边境驻军医院的消毒水气味,混杂着窗外雨后滇南山林特有的湿漉与清新。单人间病房里,阳光透过半旧的淡绿色窗帘,在白色床单上切割出明暗交织的条纹。监测仪规律而轻微的“滴滴”声,成了这短暂宁静里唯一的背景音。


    陆寒琛是在抵达医院后的第二天傍晚彻底清醒过来的。手术很成功,子弹没有伤及主要血管和神经,但失血过多和严重感染让他在鬼门关前走了一遭。此刻,他靠在摇起的病床上,脸色依旧苍白,嘴唇干裂,但那双总是沉静深邃的眼睛,已经恢复了清明,甚至比以往更多了一丝难以言喻的、沉淀了太多东西的重量。


    他的目光,几乎从睁开眼的那一刻起,就锁在了床边椅子上那个趴着浅眠的身影上。

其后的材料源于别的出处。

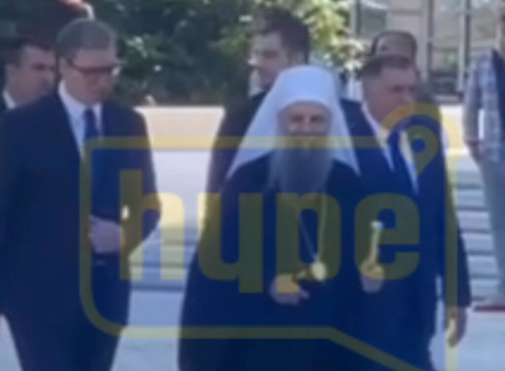 Pored njega na snimku prilaska srpskoj svetinji je i Ana Brnabić i patrijarh Porfirije.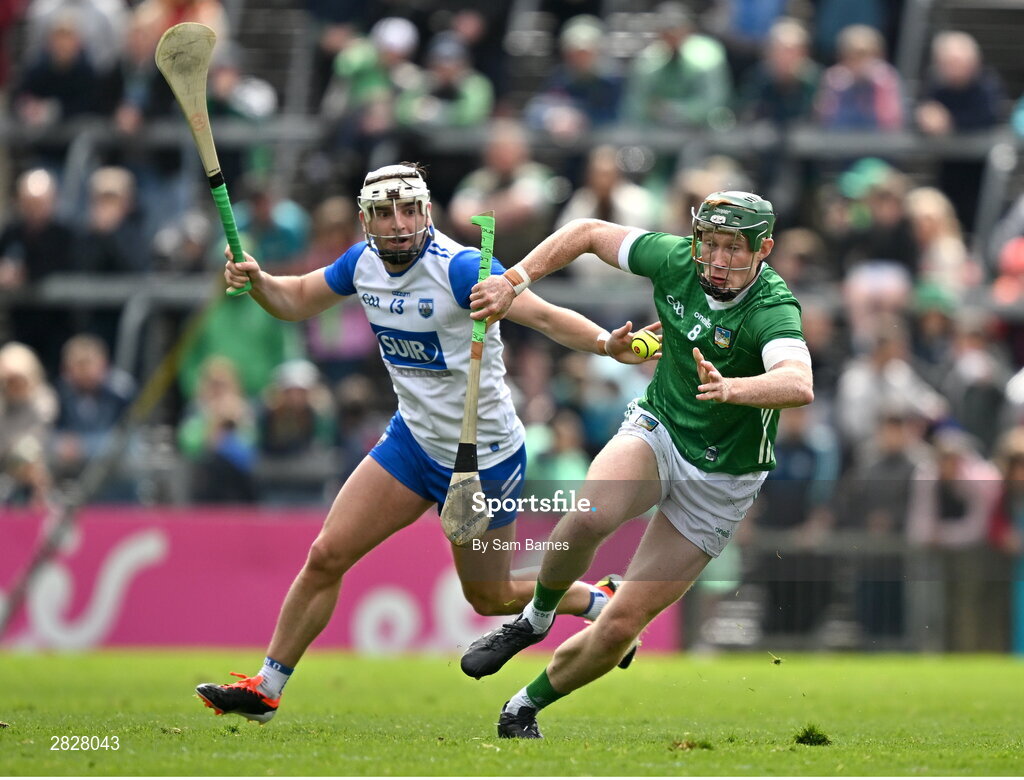 26 May 2024; Will O'Donoghue of Limerick in action against Dessie Hutchinson of Waterford during the Munster GAA Hurling Senior Championship Round 5 match between Limerick and Waterford at TUS Gaelic Grounds in Limerick Photo by Sam Barnes/Sportsfile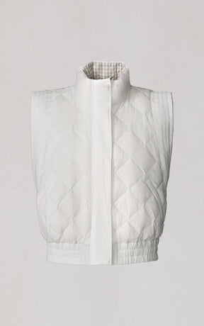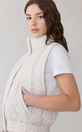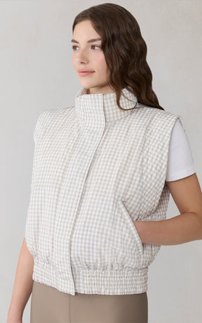 BRENNA by SOIA reimagines the bomber vest with a reversible gingham design. Lightly filled with RDS-certified down, it’s an easy, versatile piece for transitional layering—one side classic, the other quilted for subtle texture.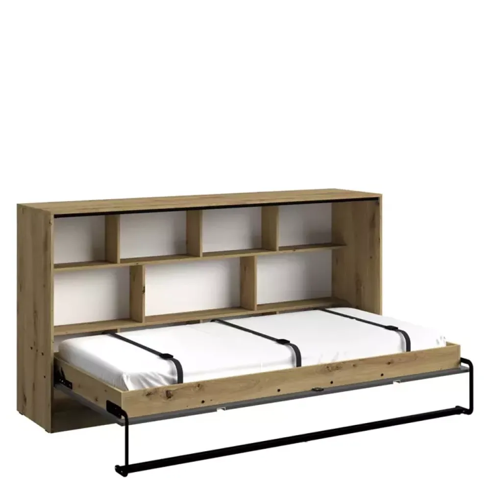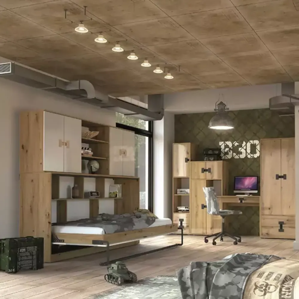- Komplet mebli młodzieżowych z chowanym łóżkiem w kolorze Dąb Artisan z kolekcji INDEX. W zestawie znalazł miejsce półkotapczan poziomy razem z jego nadstawką, regał o szerokości 40 cm, biurko razem z regałem oraz pojemną szafę z szufladami.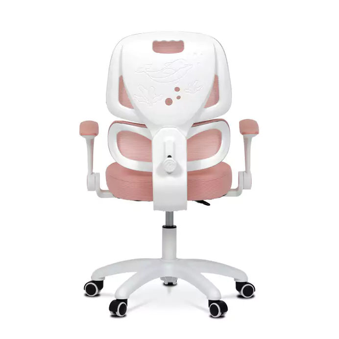 Opěradlo i sedák jsou potažené jemnou růžovou síťovinou, která zajišťuje dobrou cirkulaci vzduchu a příjemný komfort při sezení. Výškově nastavitelný opěrák a odklápěcí područky umožňují přizpůsobení židle aktuálním potřebám dítěte, zatímco pevný bílý plastový kříž s kolečky určenými pro tvrdé podlahy zajišťuje stabilitu a snadnou mobilitu.

林晚晴守了他一天一夜,此刻终于抵不住疲惫,沉沉睡去。阳光的斑点在她略显凌乱的发丝和纤长的睫毛上跳跃,眼下有着淡淡的青黑,即使在睡梦中,眉头也微微蹙着,仿佛仍在担忧着什么。


    陆寒琛看着这张近在咫尺、无比熟悉却又在今生有了不同鲜活气息的脸庞,胸腔里涌动着复杂到近乎疼痛的情绪。前世的遗憾与痛楚,今生的庆幸与守护,两种记忆如同两条终于交汇的河流,在他脑海中奔涌、激荡。他知道,在“痕光仪”能量爆发的冲击下,她也“看到”了,或者说,感知到了某些片段。那层横亘在他们之间、只有他一人知晓的隔膜,被打破了。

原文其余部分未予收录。